Planning a CustomCheck policy limitation hack
December 25th, 2005
I’ve already gathered some experience in hacking the role system of eZ publish by writing the ParentDepth create policy limitation. Now I’m planning to write a similar hack to add limitations to the content/create and content/edit policies. I will call it CustomCheck.
Developers will be able to add their own custom functions (or class functions) to the CustomCheck limitation list by modifying some settings in an INI file. The arguments passed to the custom function will be the content object id, and in some cases also the node id. In the custom function you are free to do whatever you want. To give some examples:
- you can check the value of an attribute of the content object
- you can check the value of an attribute of the current user
- you can find out if the content object’s owner is in the same group as the current user
If you know which limitations for content/create and content/edit are currently possible, you will understand that the CustomCheck limitation will add a lot of flexibility and precision. The practice of hiding edit buttons in some specific cases will belong to the past. At last {if $node.can_edit} will do the whole job for you.
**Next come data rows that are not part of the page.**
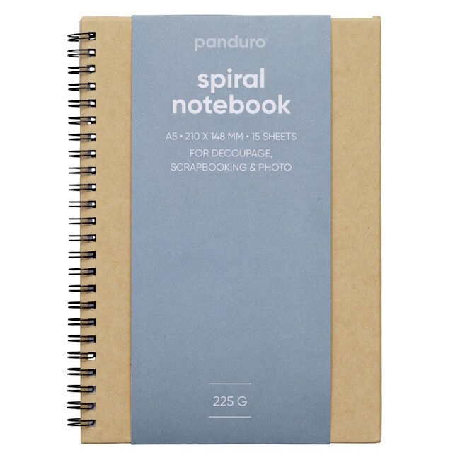 A5-kokoinen spiraalivihko (148x210 mm). Tämä kierresidottu vihko on hieman enemmän kuin vihko. Kansi on valmistettu kovasta luonnonvärisestä kartongista ja sisällä on 15 käsittelemätöntä valkoista arkkia, joiden pintapaino on 225 gsm. Runsaan neliöpainon ansiosta arkit sopivat hyvin decoupage-, scrapbooking-, valokuvaus- ja muihin vahvempaa paperia vaativiin toimintoihin.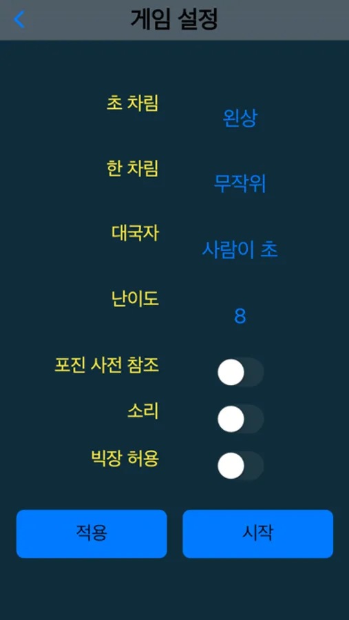 * 게임 도중에 대국자나 난이도를 바꿀 수 있습니다.
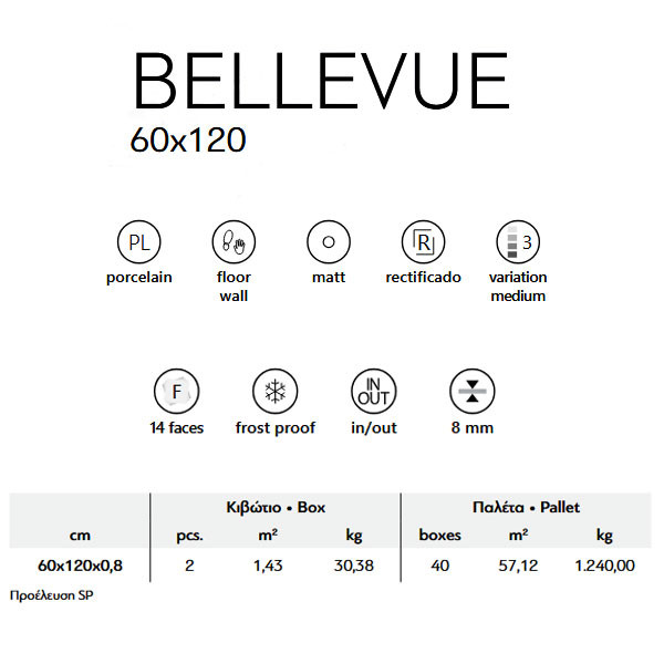 • Πλακάκι εσωτερικού δαπέδου πορσελανάτο, rectificado πολλαπλών τόνων με ματ επιφάνεια

Targets of the CustomCheck hack are the latest releases of the 3.6 & 3.7 eZ publish branches. As soon as the code is in a usable state, I will add it to the contributions on ez.no.
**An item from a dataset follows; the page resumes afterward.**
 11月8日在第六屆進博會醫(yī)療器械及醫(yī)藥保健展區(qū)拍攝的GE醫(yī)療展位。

Entry Filed under: eZ Publish


4 Comments Add your own
1. Paul Borgermans | December 26th, 2005 at 2:00 pm
This is a very useful idea and project! It will bring eZ publish more to the enterprise level too.
Keep on coding Kristof
Paul
2. xavier | December 28th, 2005 at 9:58 am
Nice idea.
On the content/edit and content/add, would it be possible with your system to based that on users or groups as related objects ?
What I have in mind is to add a “Pal” attribute as enhancedobjectrelation with a checkable list of users. If I write an article and check Kristof and Paul, you both would be able to modify the article, but Gabriel couldn’t.
Does it make sense ?
Also, would it be possible to use your attribute to set the read right. Same idea, I check Kristof and Paul so you can read the article, but the others can’t.
X+
(Nothing personal Gabriel
3. Administrator | December 28th, 2005 at 10:29 am
Hi Xavier
It would be possible to base content/edit and content/create policies on related objects.
Setting the read rights is another case. I’m afraid this isn’t possible with the hack I had in mind. The read rights are honored by adding additional conditions to the SQL queries in eZContentObjectTreeNode::subTree. See eZContentObjectTreeNode::createPermissionCheckingSQLString. Of course it would be great if you could also use custom checks for content/read, but I’m afrad the possibilities will be very limited because it has to be done with SQL.
4. Gabriel | December 28th, 2005 at 11:30 am
If Kristof does the hack with a somewhat sane interface and I can find the time, I will do something along the lines of groups with related objects for my datatype, I think.
As for read rights: Maybe, just maybe (not sure if different parts in ez might use it directly), one could wrap the SQL stuff in a PHP function and have CustomCheck just overrides this at the end?